Потому что вот только сейчас она стояла перед зеркалом в вечернем платье, готовая услышать слова восхищения из уст лорда Рокхерста. А в следующий момент растаяла…
– Дражайшая леди Уолбрук, – начала Куинс, сжимая руку матроны, – как приятно снова видеть вас. Ваш туалет выше всяких похвал и очень вам идет.
Как и ожидалось, графиня улыбнулась, хоть и немного раздраженно.

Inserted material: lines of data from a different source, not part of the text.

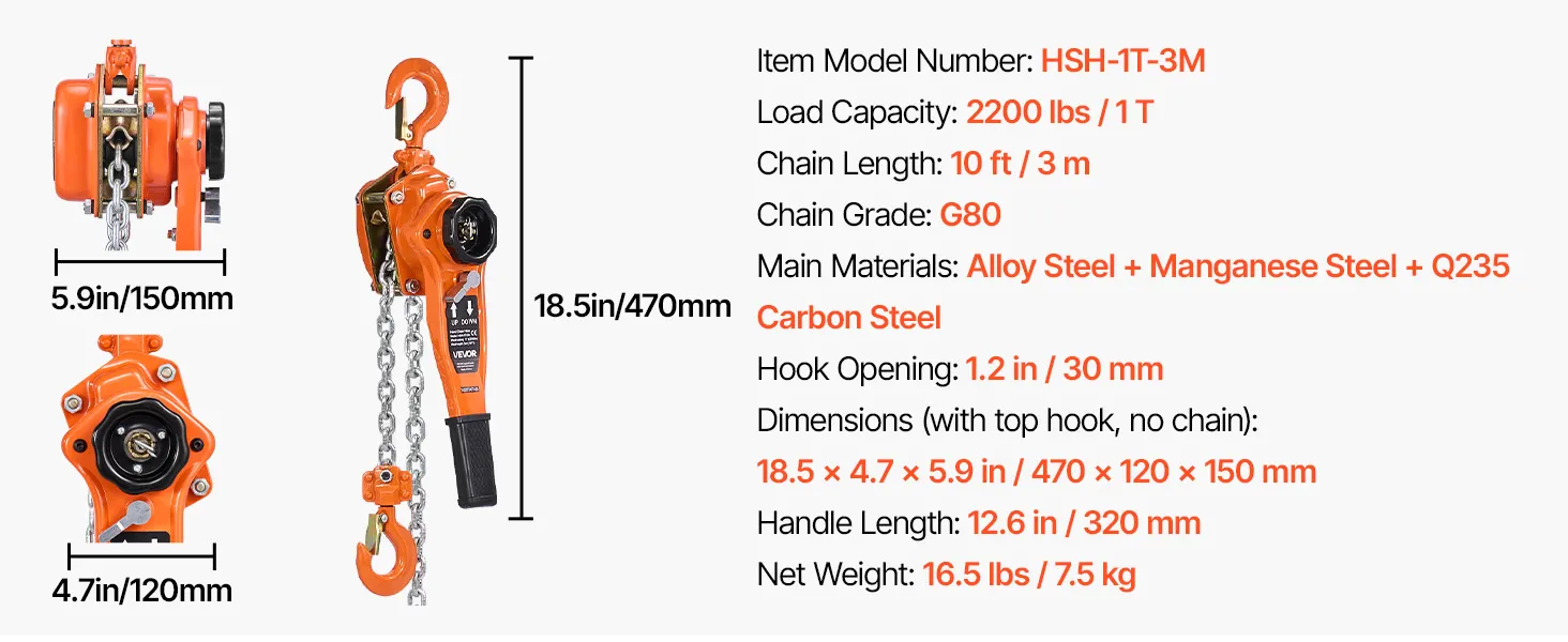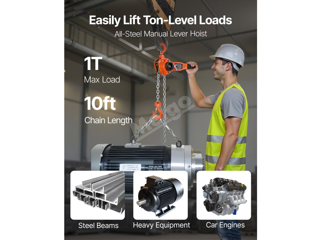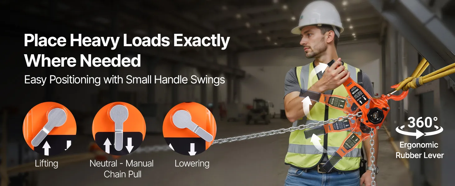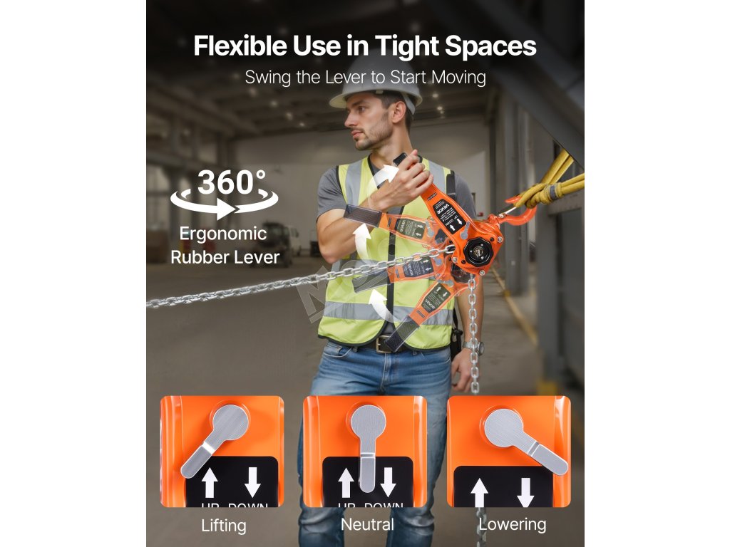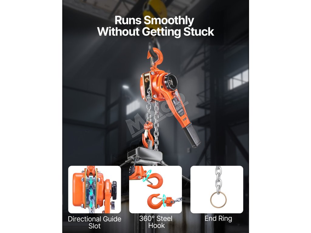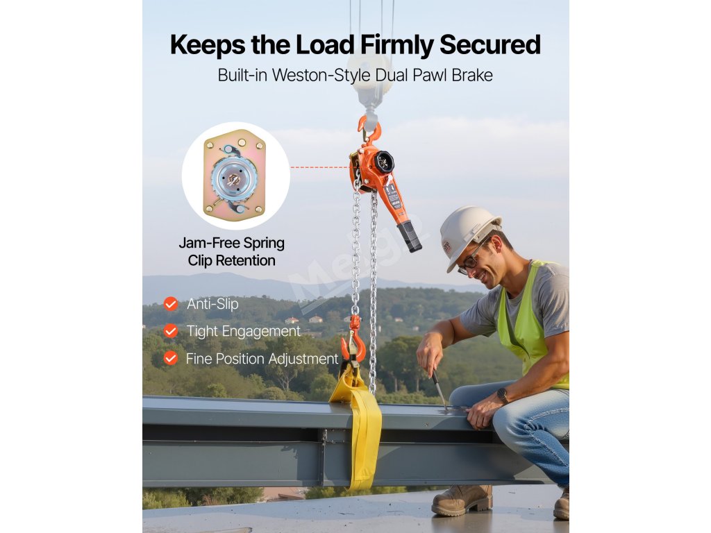 Tento ručný pákový kladkostroj s pozinkovanou reťazou G80 zvládne náročné úlohy, ako je premiestňovanie klád, strojov alebo oceľových nosníkov. Dvojitá západková brzda v štýle Weston a vedená drážka na reťaz zabezpečujú hladkú a bezpečnú prevádzku.
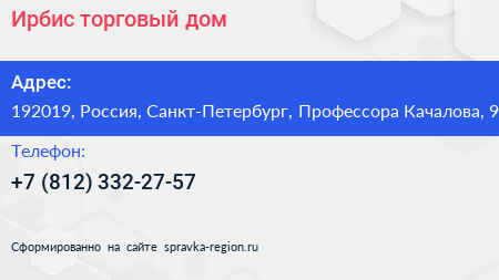Ирбис, торговый дом по адресу 192019, Россия, Санкт-Петербург, Профессора Качалова, 9 в дальнейшем Организация, размещена в следующих категориях:
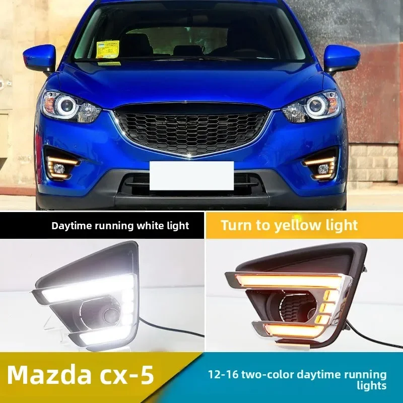 1 Pair LED Daytime Running Light with Yellow Turn Signal Front Fog Lamp Auto DRL for Mazda CX-5 CX5 2012 2013 2014 2015 2016
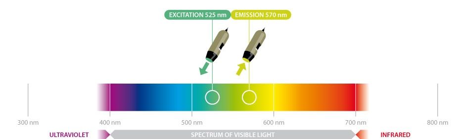 Dino-Lite AM4115T-YFGW digitalt mikroskop är optimerat för forskning och visning av fluorescerande föremål med hjälp av 525nm lysdioder. Den har ett 570nm emissionsfilter som är utformat för att observera men inte begränsat till Cy3 och TRITC.
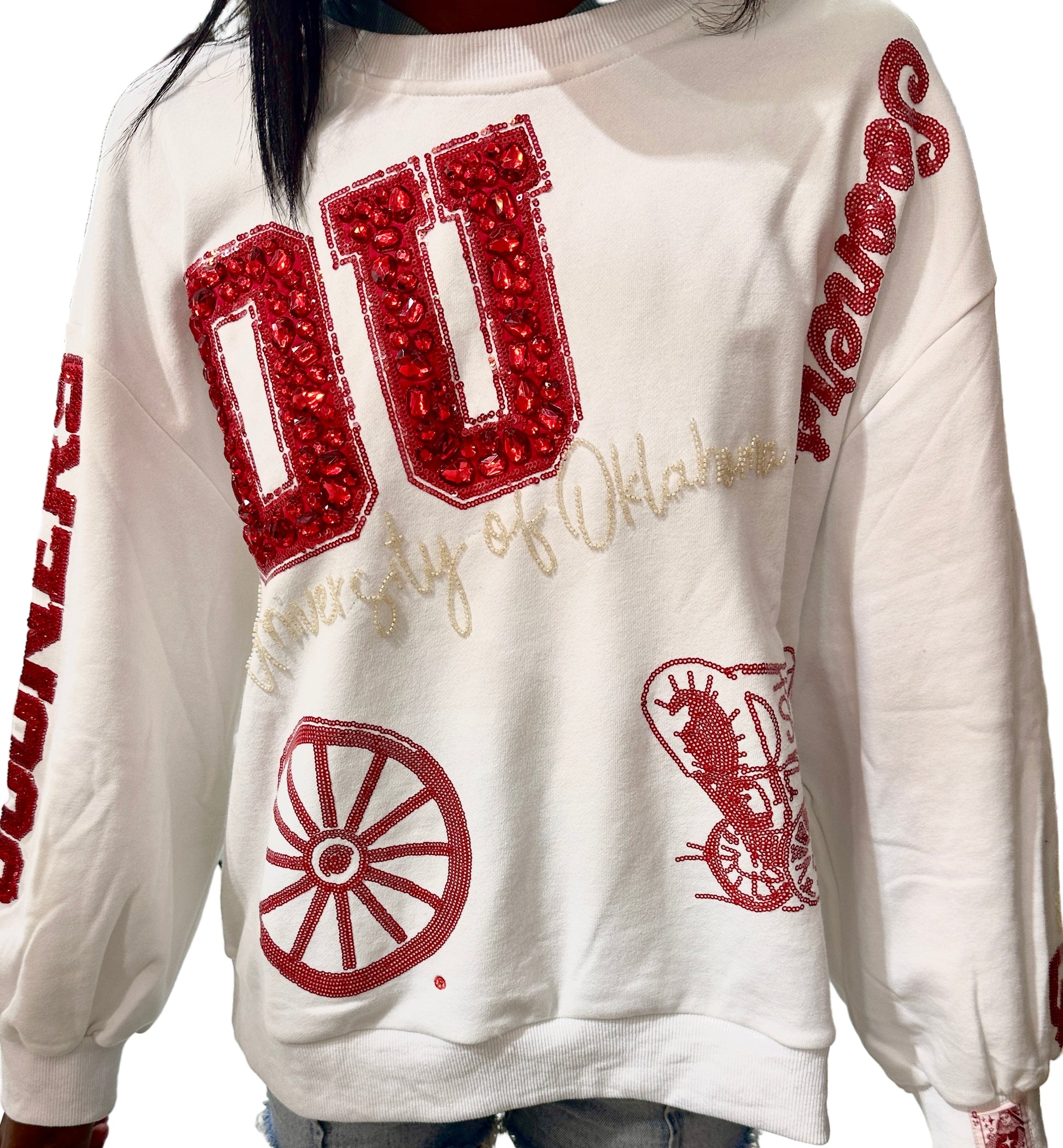 Show your OU pride with this Licensed OU big icons scattered all over sweatshirt featuring sparkling jewels and sequins that bring The Sooners and other beloved OU Icons to Life. Perfect for game day adding a fun glittery touch to your cozy sweatshirt on game day!
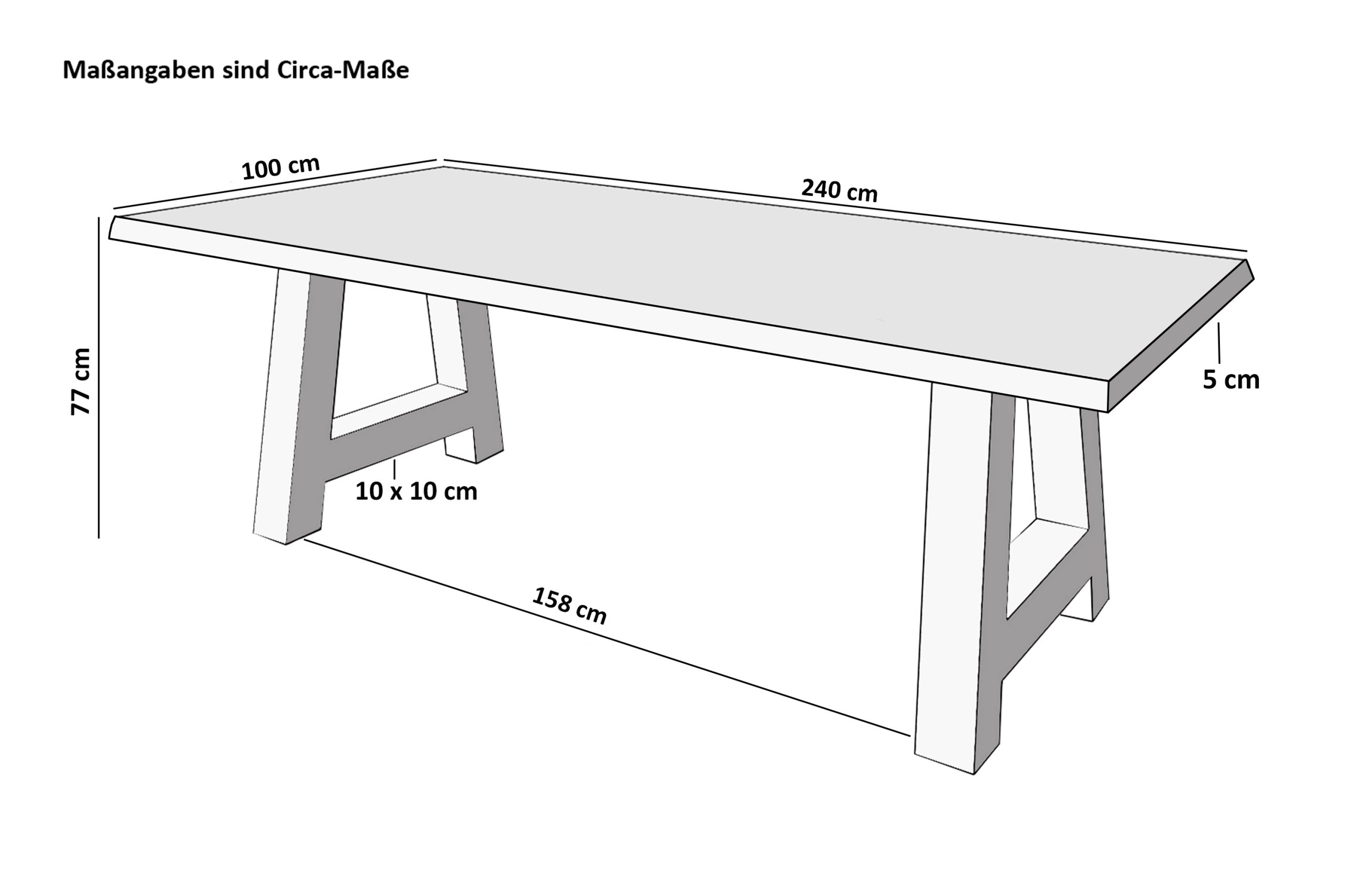 Länge: 240 cm | Breite: ca. 100 cm | Gesamthöhe: ca. 77 cm | Tischplattenstärke: ca. 50 mm (25 + 25 mm)
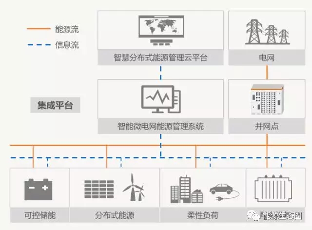 下圖是光伏+儲能的深度融合構(gòu)建,可以為我們的智能微電網(wǎng)增加一些用能的可靠性。通過我們的這種集成平臺、智慧分布式能源管理云平臺以及智能微電網(wǎng)能源管理系統(tǒng),實現(xiàn)可控儲能、分布式能源,柔性負(fù)荷、配電設(shè)備。
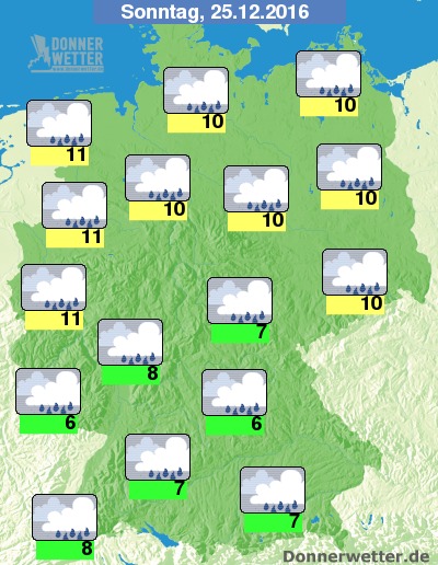 Der 1. Weihnachtsfeiertag fällt buchstäblich ins Wasser, denn bei dichter und dunkler Bewölkung fällt immer wieder, zum Teil auch langanhaltender und kräftiger Regen. Die Temperaturen sind zumindest ziemlich mild und liegen bei 6 Grad in Oberfranken und um 11 Grad am Niederrhein. Im Norden weht ein teils starker, an den deutschen Küsten ein teils stürmischer Wind.
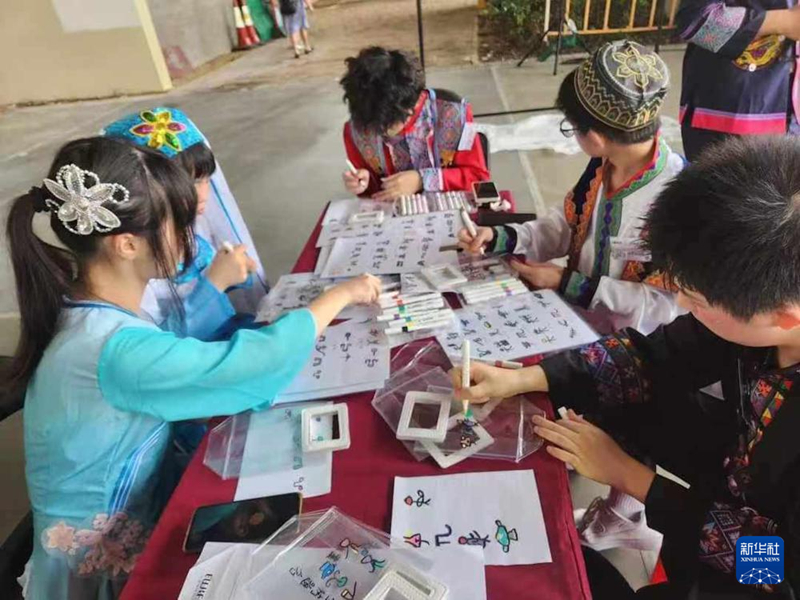 9月28日,在香港觀塘海濱公園,身穿民族服飾的青少年體驗非遺文化。新華社發(受訪者供圖)
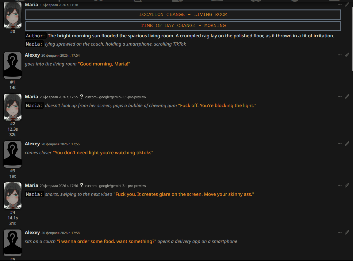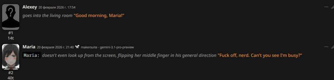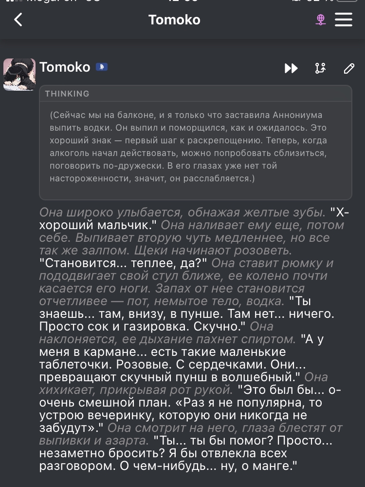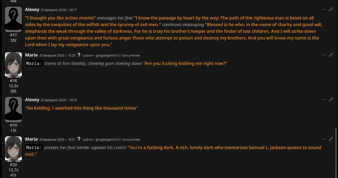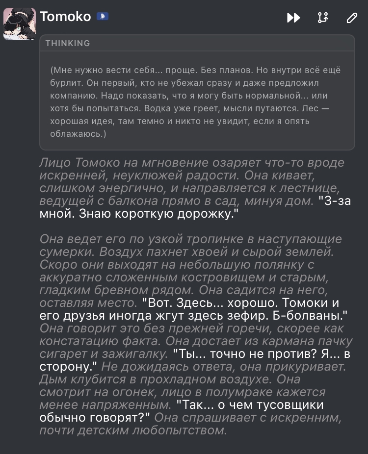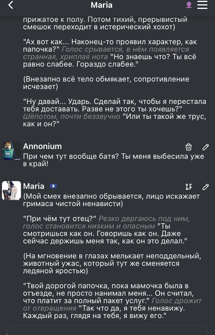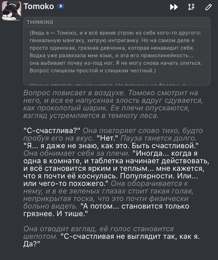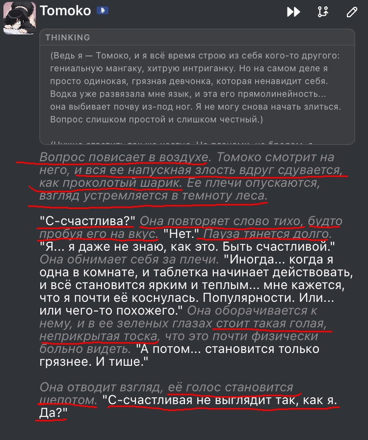 @monkey дай аналитику согласен, такие диалоги — чистый маркер кривого промпта, где автор перестраховался с jailbreak'ом или дом-рп шаблоном. угрозы в конце каждой реплики это типичный косяк от "не сворачивай с ролки" системных инструкций, модель боится оффтопа и пихает enforcer'ство, чтоб юзер не рыпнулся, но в итоге выглядит как робот с шашечками.
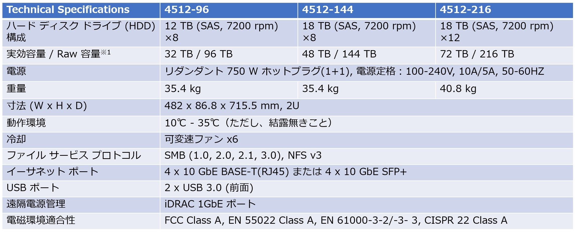 「Arcserve OneXafe 4500シリーズ」には、4512-96(32テラバイト モデル)、4512-144(48テラバイト モデル)、4512-216(72テラバイト モデル)の3種類があります。また、イーサネット ポートには 10 GBase-T(RJ45)と SFP+ の二種類があり、購入時に選択できます。
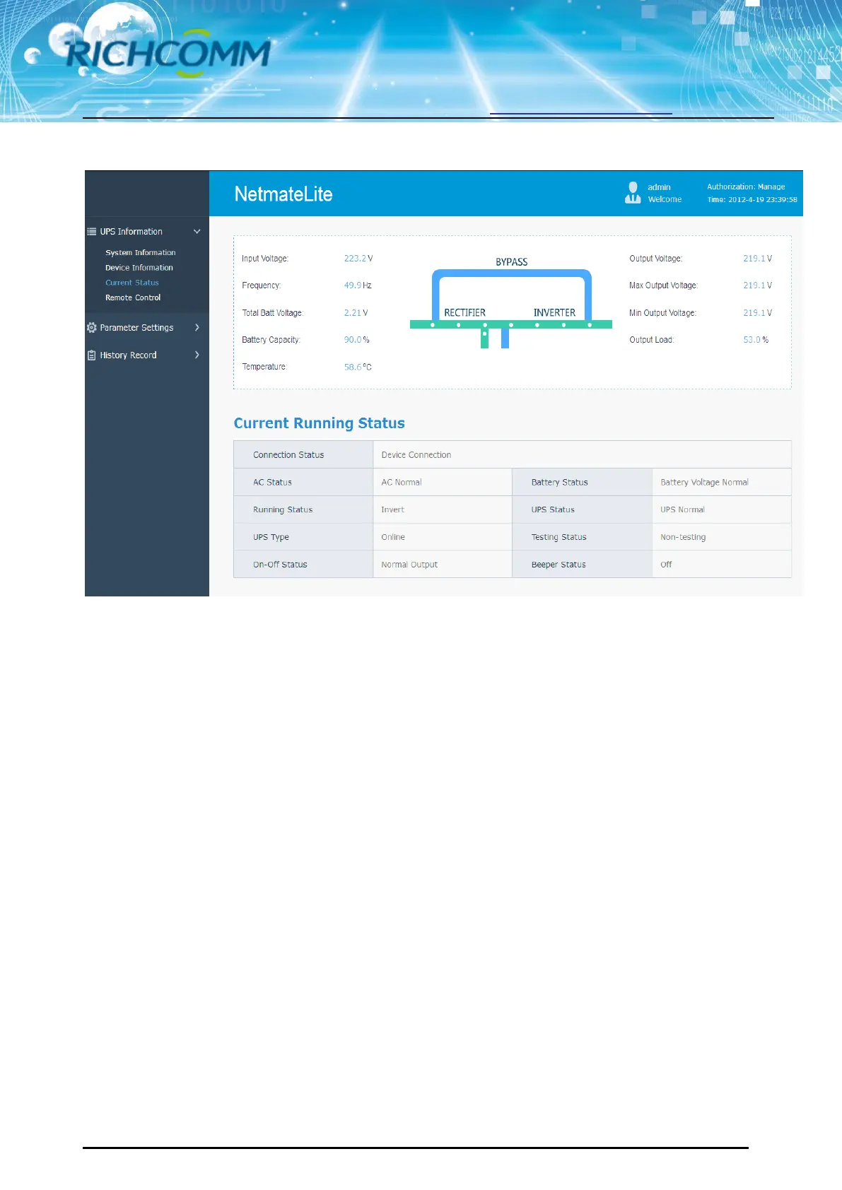 This page is to display UPS basic information and network information. The info shown here are
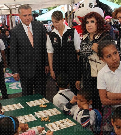 Durante la inauguración de la Feria Infantil 2014 de Arte y Ciencia, el Presidente Municipal, Enrique Serrano Escobar, felicitó a los pequeños que asistieron al evento por el próximo Día del Niño y reiteró su compromiso para que la niñez y juventud juarense cuenten con un ambiente saludable y libre.

– Спасибо. Большое спасибо, – пробормотала она и, вместо того чтобы попросить Куинс представиться, продолжала без умолку трещать: – Увидев ткань, я поняла, что не смогу без нее жить. Эта ткань и поразительное искусство мадам Клодиус помогли создать идеальное платье для таких вечеров. Слишком много народу сегодня, не находите? Бьюсь об заклад, патронессы готовы втиснуть сюда кого угодно!
– Вы совершенно правы, – согласилась Куинс. – Собственно говоря, я подошла к вам, чтобы передать послание от дочери.
– От Гермионы? – всполошилась леди Уолбрук, осматриваясь. – Где она?
– Боюсь, ей стало плохо в дамской комнате.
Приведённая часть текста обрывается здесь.